Severity: Potential for more than Minimal Harm

Corrected Date: May 27, 2011

The facility must establish and maintain an Infection Control Program designed to provide a safe, sanitary and comfortable environment and to help prevent the development and transmission of disease and infection. (a) Infection Control Program The facility must establish an Infection Control Program under which it - (1) Investigates, controls, and prevents infections in the facility; (2) Decides what procedures, such as isolation, should be applied to an individual resident; and (3) Maintains a record of incidents and corrective actions related to infections. (b) Preventing Spread of Infection (1) When the Infection Control Program determines that a resident needs isolation to prevent the spread of infection, the facility must isolate the resident. (2) The facility must prohibit employees with a communicable disease or infected skin lesions from direct contact with residents or their food, if direct contact will transmit the disease. (3) The facility must require staff to wash their hands after each direct resident contact for which hand washing is indicated by accepted professional practice. (c) Linens Personnel must handle, store, process and transport linens so as to prevent the spread of infection.

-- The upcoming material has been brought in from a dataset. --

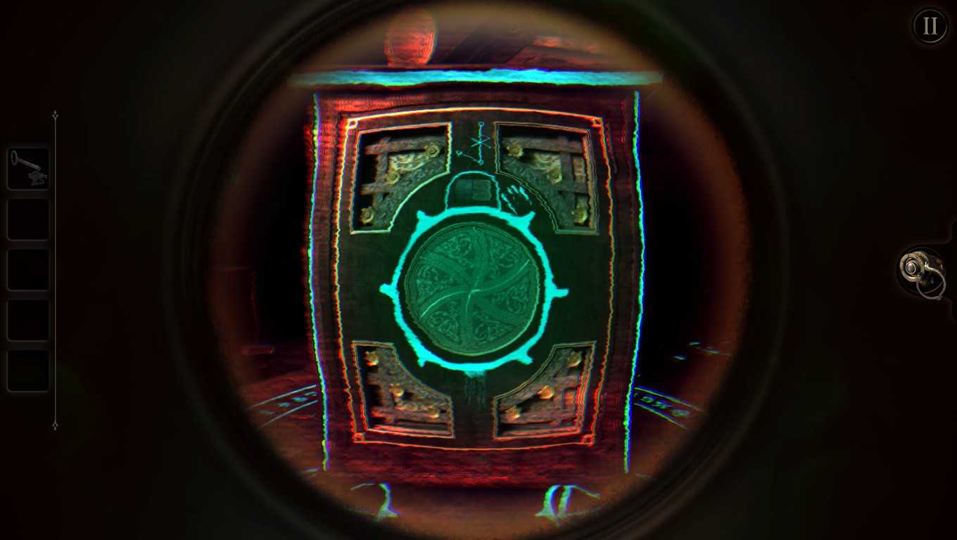 Зажимаем ЛКМ, осматриваем шкафчик со всех сторон. Дважды щелкаем по верху шкафчика. Вытаскиваем из конверта письмо. Забираем ключ. Нас перемещают к шкатулке. Крутим крышку шкатулки, пока замок не совпадёт. Используем ключ на замок шкатулки. Забираем окуляр.Он появится в правой части экрана. При нажатии ничего не происходит – не хватает детали.

Citation date: April 29, 2011

Based on observations, staff interviews, and record reviews, it was determined after review of the infection control program that the facility did not provide a safe, sanitary environment to prevent the potential transmission of infection. The issues involved the lack of an infection control program that demonstrates ongoing surveillance, recognition, investigation, and control of nosocomial (facility acquired) infections to prevent the onset and spread of infection, to the extent possible. Additionally, a blood glucose machine was not cleaned after use and personal protective equipment was not used in a precautions room. This resulted in no actual harm with potential for minimal harm that is not immediate jeopardy that is widespread, and is evidenced by the following:

1. Review of the infection control program with the Registered Nurse/Infection Control Representative (ICR) on 4/28/11 at 2:50 p.m., revealed that surveillance data did not include records of nosocomial acquired infections. The ICR reported that the facility does not track the source of infections or calculate infection rates. When asked if she collects, analyzes, and uses data related to infections to identify and prevent the spread of infections and to adjust its infection prevention control program, the ICR stated that this is done but not documented when she looks at the charts every two weeks. The ICR said she should change her process.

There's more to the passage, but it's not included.